She also revealed that some magical advice from her coach Trevor Ward was key to her creating “insane” history as Australia’s youngest Olympic medallist.

With Trew in the bronze medal position before her third and last run, Ward pulled her aside.

“We’ve got some crazy things that we say to each other and I just said the crazy things that we say – skibidi sigma.

“It’s like a joke that I have with all my friends because, like, it’s just, like, sigma is, like, the top.

“A lot of kids nowadays say that a lot.”

Trew captured Australia’s 14th gold medal of the Paris Games with an audacious and daring final run which received the highest score of the competition.

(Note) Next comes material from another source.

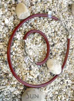 Bộ trang sức gồm vòng cổ và vòng tay làm từ da và hợp kim cao cấp
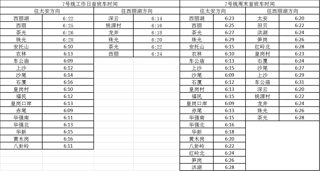 記者獲悉,經(jīng)優(yōu)化調(diào)整后,各線路工作日首班車(chē)最早發(fā)車(chē)站點(diǎn)及時(shí)間分別為,1號(hào)線老街站6:29、2號(hào)線蛇口港站6:14、3號(hào)線塘坑站6:05、5號(hào)線坂田站6:01、7號(hào)線赤尾6:09、9號(hào)線銀湖6:05、11號(hào)線機(jī)場(chǎng)站6:04。周末期間首班車(chē)最早發(fā)車(chē)站點(diǎn)及時(shí)間分別為,2號(hào)線香梅北站6:07、3號(hào)線塘坑站6:04、5號(hào)線長(zhǎng)嶺陂站6:00、7號(hào)線皇崗口岸站6:09、9號(hào)線孖嶺站6:05、11號(hào)線機(jī)場(chǎng)站6:03。

Her gold-medal feats followed a shaky qualifying session when the Queensland teen qualified for the final ranked six of the eight skaters.

But her triumph continues an eye-catching stretch of form: she won  Olympic qualifying events in Shanghai and Budapest to punch her ticket to  Paris.

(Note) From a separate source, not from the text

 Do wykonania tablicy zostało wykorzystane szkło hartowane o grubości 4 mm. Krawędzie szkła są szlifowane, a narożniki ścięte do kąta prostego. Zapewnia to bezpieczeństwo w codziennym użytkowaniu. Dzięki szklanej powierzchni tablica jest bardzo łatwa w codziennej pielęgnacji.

The victory for Trew, who started skateboarding seven years ago, follows her winning this year’s Laureus World Sports Award for Action Sportsperson of the Year.

Last year she became the first female skateboarder to successfully execute a 720 trick, which involves two full rotations, in a competition.

Australia’s youngest Olympian is rower Ian Johnston, who was aged 13 years and 75 days old when he competed in coxed fours at the 1960 Rome Games.